示談書には、前述した宥恕文言(刑事処罰を求めないという内容の条項)や清算条項(示談金の支払により今回の事件の金銭面に関する清算は完了したことを確認する条項)を入れることで、後のトラブルを防止することに繋がります。
後の紛争を防止するためにも、弁護士にきちんとした示談書を作成してもらうことは重要です。
また、示談書の締結後は、警察又は検察官に示談書の写しを提出することで刑事事件が終件に向かっていくことになりますが、弁護士に依頼した場合、このような警察や検察官とのやりとりも一任することができます。
さらに、既に検察官に送致されている場合、示談が成立していても、必ず不起訴になるとは限りませんので、不起訴意見書を提出すべきです。
不起訴意見書とは、今回の事件は不起訴とするのが相当であるという意見をその理由と共にまとめたもので、起訴と不起訴の判断に影響する非常に重要な書面です。

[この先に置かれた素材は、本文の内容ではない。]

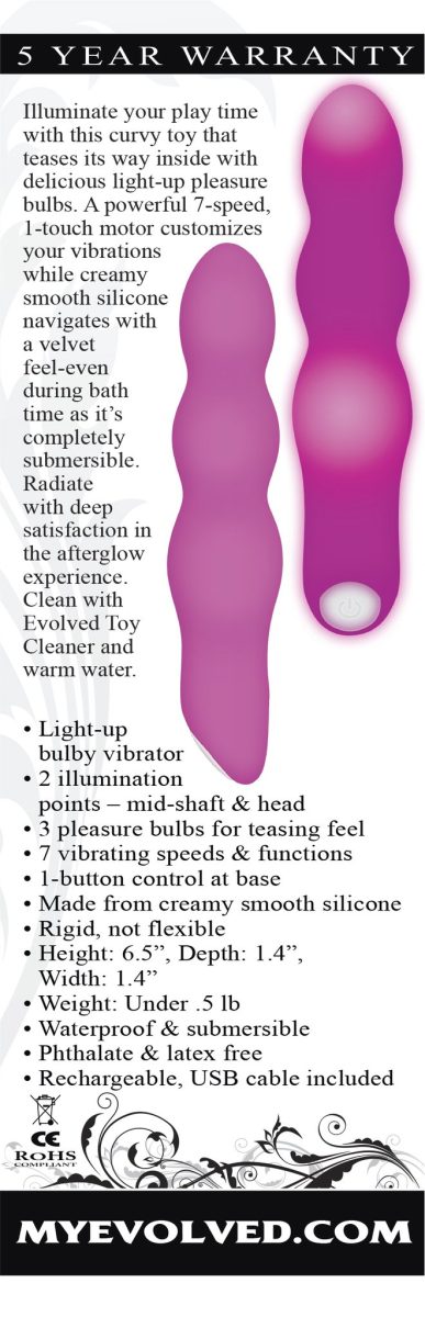 Evolved Aterglow Pink Vibrator from Evolved Novelties. Light up vibrator. Illuminate your play time with this curvy toy that teases its way inside with delicious light up pleasure bulbs. A powerful 7 speed, one touch motor customizes your vibrations while creamy silicone navigates with a velvet feel even during bath time and it is completely submersible. Radiate with deep satisfaction in the afterglow experience. Clean with Evolved Novelties Toy cleaner. Size 6.5 inches by 1.4 inches by 1.4 inches. Waterproof vibrations. USB rechargeable. 5 year warranty.

弁護士に依頼した場合には、不起訴意見書の作成も一任することができます。
まとめ
このように、不同意わいせつ罪で被害届を提出されることは非常に大きなリスクです。
相手から「被害届を出す」と言われている場合、緊急の対応が必要となる可能性があるので、お早めに弁護士に相談されることをお勧めします。